それも、ソフィアの策謀だったのだが、彼等にはそんなことは分からない。
「私は、貴方達に警告しに来たの。このまま王都に向かえば、貴方たちは反逆者として処断されるでしょう」
ソフィアは、団長の獅子獣人向かってそう告げた。
「…仰っている意味が分かりません。どういうことでしょうか」
団長は、何故自分たちが反逆者として処断されるのか分からなかった。
「それは、ウーゴ将軍が反乱を起こしたからよ。それに呼応するかのように貴方たちは王都に向かっている。当然王国は貴方たちが反乱に荷担していると思うわね」
「馬鹿な、ウーゴの兄貴が反乱だって?」
「そんなこと…ありえねーだろ」
大隊長達は、ウーゴが反乱を起こしたことが信じられないようだった。
「そうね、その件については、ルーフェン伯爵にでも聞いてみれば分かるわよ」
ソフィアはそう言って意味深に薄笑いを浮かべる。
「ルーフェンだって!」
「彼奴が絡んでいるのか」
「もしかすると、兄貴は、ルーフェンの野郎にはめられたんじゃ」
「そうに違いない」
本当は、彼等もウーゴが反乱を起こしかねないことはうすうす感づいてはいた。しかし自分たちに何も知らせないまま反乱を起こすと言うことは無いだろうとも思っていた。訳も無く王都に自分たちを呼ぶことが反乱すれすれの行為だと分かってはいたが、それもきっとウーゴに考えがあってのことだと思っていた。いやそう思いたかったのだ。

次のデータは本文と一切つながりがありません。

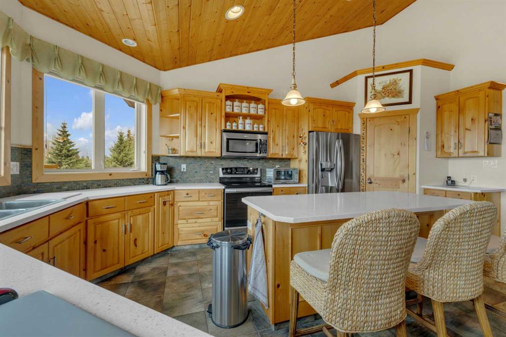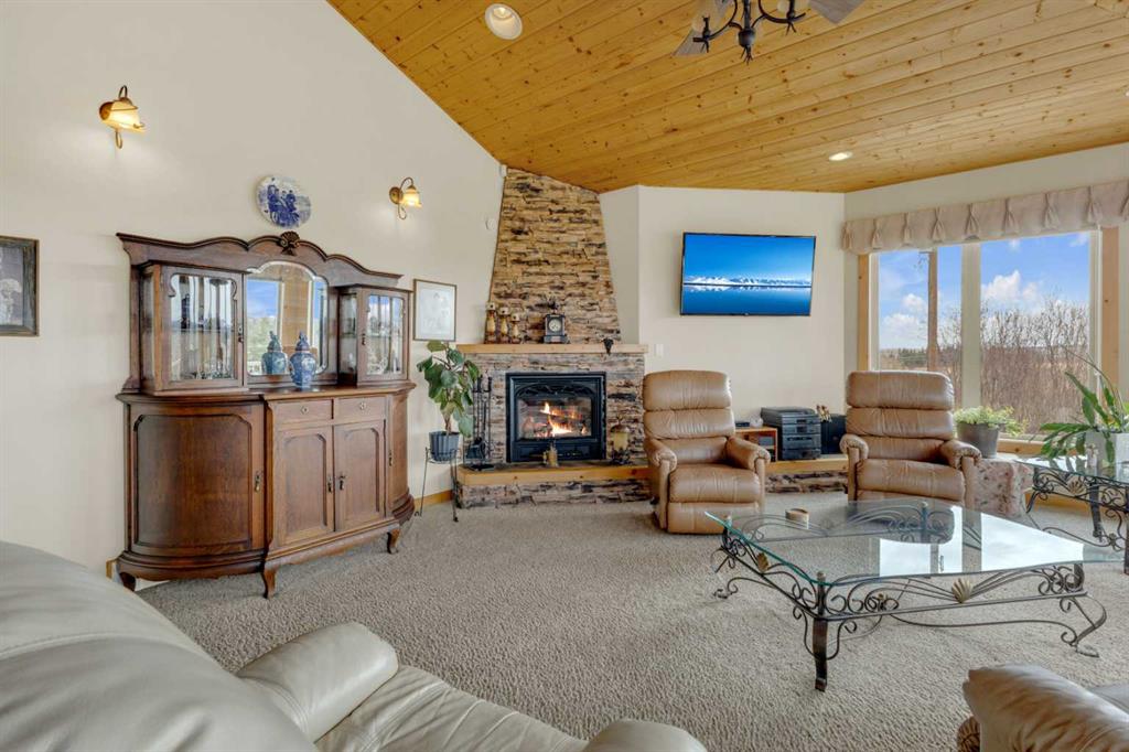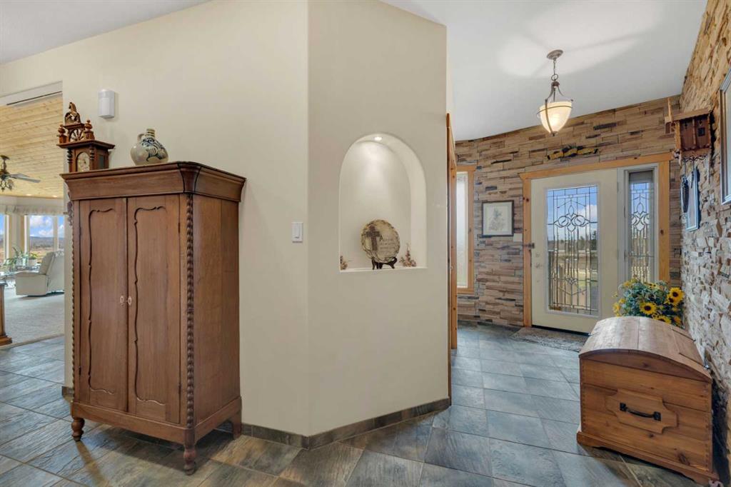 Welcome to the country. This home radiates fine craftsmanship and artistry throughout. The property is approximately 5.25 acres and is set up and fenced for a few animals if you like. Enjoy the peaceful backyard surrounded by your private forest with walking trails. Sit on your back deck and enjoy your coffee while watching the many types of wildlife skirt around. The oversized heated triple garage has plenty of room for your vehicles with a workshop on the back that could be opened up for more parking. On the side of the garage is a an attached r.v. bay (39x15.6) big enough for a class A motorhome complete with 30 amp power both inside and out. Drive right up to the house with the circular driveway and back out of the garage with ease. Step inside to the spacious front entry leading around to the open concept kitchen, dining room, and living room. If your into entertaining, there\'s lots of room for that both upstairs and down. The main floor and basement have underfloor heat supplied by a well maintained boiler system. (Just serviced this year). The main floor underfloor piping is enveloped in 1.34 inches of chipcrete to provide a very efficient and reliable heating system. The kitchen is a beautiful work space with plenty of cabinets, lots of counter space, meganite counter tops, a center island, and beautiful natural light flooding in from the south east. Relax in the large primary suite with a walkin closet, room for multiple dressers and a king size bed, plus the 5 piece ensuite. Laundry is easy on the main floor with a laundry sink, and the washer and dryer included. The basement has 2 more bedrooms, a full bathroom, lots of storage, a wet bar, and a walkout to the gorgeous back yard. There is a security system included with no contract at this time. Enough from me. Come see for yourself all the beauty this home has to offer only a few minutes from Red Deer and Blackfalds.

そんな彼等にソフィアはルーフェン伯爵の名を告げることで、ウーゴが望まぬ反乱を起こしたという風に考えを誘導したのだ。彼等は、まんまとソフィアの誘導に引っかかってしまった。
「ウーゴ兄貴を助けるんだ!」
「ルーフェンの奴を倒すんだ!」
「「「うら~!」」」
獣人部隊の士気は一気に上がった。怒りに燃えた彼等は、雄叫びを上げて再び進軍を開始した。
獣人部隊の団長は、情報を提供してくれたソフィアに礼を言って彼女と別れた。
団長はソフィアと面識はあったが、獣人である彼にはソフィアの顔色がひどく青白かった事に気付くことは無かった。ましてや、彼女が纏ってたドレスが、アナスタシアが良く着ている紫の扇情的なドレスだったことに気付くわけもなかった。
ソフィアは獣人部隊と別れ、東に向かって歩き出した。